Текст книги "«В бананово-лимонном сингапуре…»"
Автор книги: Владимир Файнберг
Жанры:
Современная проза
,сообщить о нарушении
Текущая страница: 2 (всего у книги 4 страниц)
3
– Обширный инфаркт миокарда задней стенки левого желудочка, – констатировал врач, сняв мне тут же в машине «скорой» кардиограмму сердца.
Я лежал навзничь на каталке с куском марли во рту. Марля была пропитана какой‑то гадостью.
В это время молоденькая медсестра куда‑то названивала по мобильному телефону, чтобы узнать в какую больницу меня сбагрить.
– Пожалуйста, отвезите домой, – пролепетал я, пытаясь подняться. – Завтра уезжаю.
– Не рыпайтесь, дяденька.
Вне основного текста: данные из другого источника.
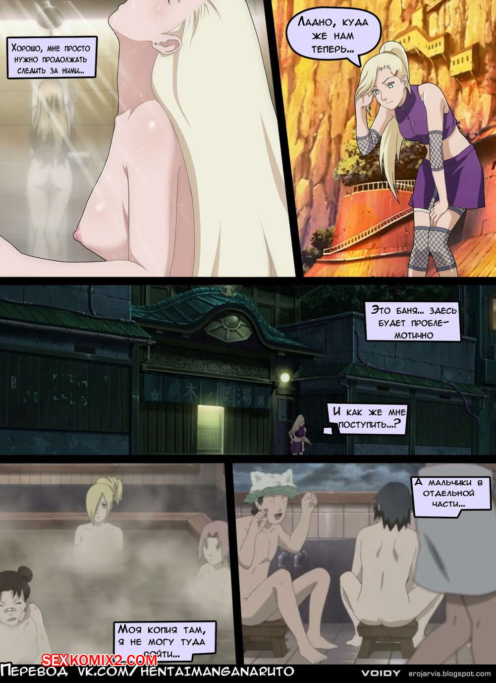 Порно комикс Наруто. Ино Яманака. Проблемы в мире Гендзюцу Красотка забрела по ошибке в мужскую баню, чем вызвала у парней невероятный интерес и возбуждение. Чтобы начать еще сильне их дразнить, красивая блондинка стала дрочить свой пизду дилдо, чтобы у парней слюнки потекли.

Вы умираете, – она продолжала названивать.
«Неужели это происходит со мной?» – подумал я. Попросил:
– Пожалуйста, позвоните жене.
Хватило сил вспомнить номер её мобильника. Надеялся, что Марина убедит их не везти меня в больницу.
Медсестра сначала дозвонилась куда‑то. Потом позвонила Марине. Сказала:
– Госпитализируем вашего мужа в Боткинскую.
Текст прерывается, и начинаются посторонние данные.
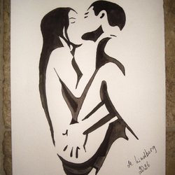 En akvarellmålning på papper. Motivet är två män som omfamnar varandra. Målningen är utförd i bruna och grå toner.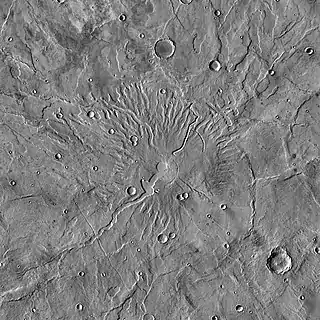 Tyrrhenus Mons (Tyrrhena Patera) is an eroded, low-lying volcano in the western part of Hesperia Planum. It is one of the oldest large central-vent volcanoes on the planet[26] and a member of a class of volcanoes called highland paterae, which erupted mainly in the Late Noachian and Early Hesperian.[27] Tyrrhenus Mons stands only 1.5 km above the surrounding plains. At its center lies a 40 km diameter depression, or caldera, from which radiate numerous flat-floored valleys and ridges that suggest the volcano has been highly eroded. The low relief of Tyrrhenus Mons combined with its degraded state indicate the volcano consists largely of friable and easily eroded material such as volcanic ash. The ash was likely derived from the interaction of magma with groundwater or ice.[28]

Врач пошёл садиться к шофёру. Медсестра села рядом с каталкой. И мы поехали, по центру Москвы.
– Хочу домой, – задыхаясь, время от времени взывал я. – Отвезите домой.
Кем был поднят с асфальта, кто вызвал «скорую» – ничего не помнил. «Неужели это я умираю?». Из полутьмы «скорой» сквозь не закрашенные доверху окна виднелись кружащиеся, оборачивающиеся вслед вершины зданий, освещённые солнцем. И одновременно представлялся мне трёхлетний мальчик в матроске. И вот он, оказывается, умирал.
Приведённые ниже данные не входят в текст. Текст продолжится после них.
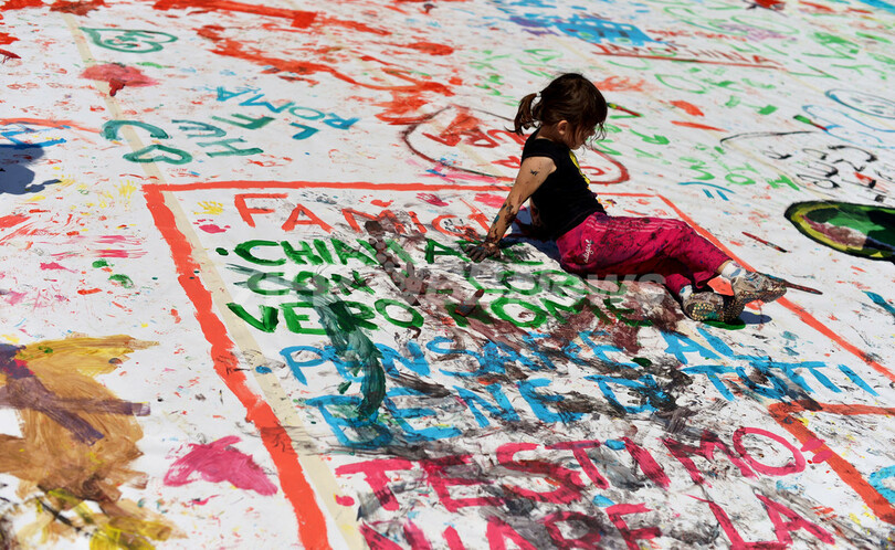 【4月8日 AFP】イタリア・ローマ(Rome)のポポロ広場(Piazza del Popolo)で7日、市の文化協会「キッチン・アート(Kitchen Art)」主催のイベント「家族にとって良いことは、国にとっても良いこと」が開催された。広場に広げられた巨大なキャンバスに多くの子どもたちが筆を走らせた。このイベントは、ローマを家庭に優しい都市にすることを目的にしている。(c)AFP

«Скорая» то и дело замирала в автомобильных пробках, и теперь уже хотелось быстрее, пока не поздно, в больницу спастись. Не столько мне, сколько трёхлетнему мальчику в матроске. У которого оставались на свете любимые дочь и жена.
Сердце не болело. Только дыхание, то срывалось, то становилось частым. Как автомобильный двигатель, когда он толком не заводится и вот–вот замрёт окончательно.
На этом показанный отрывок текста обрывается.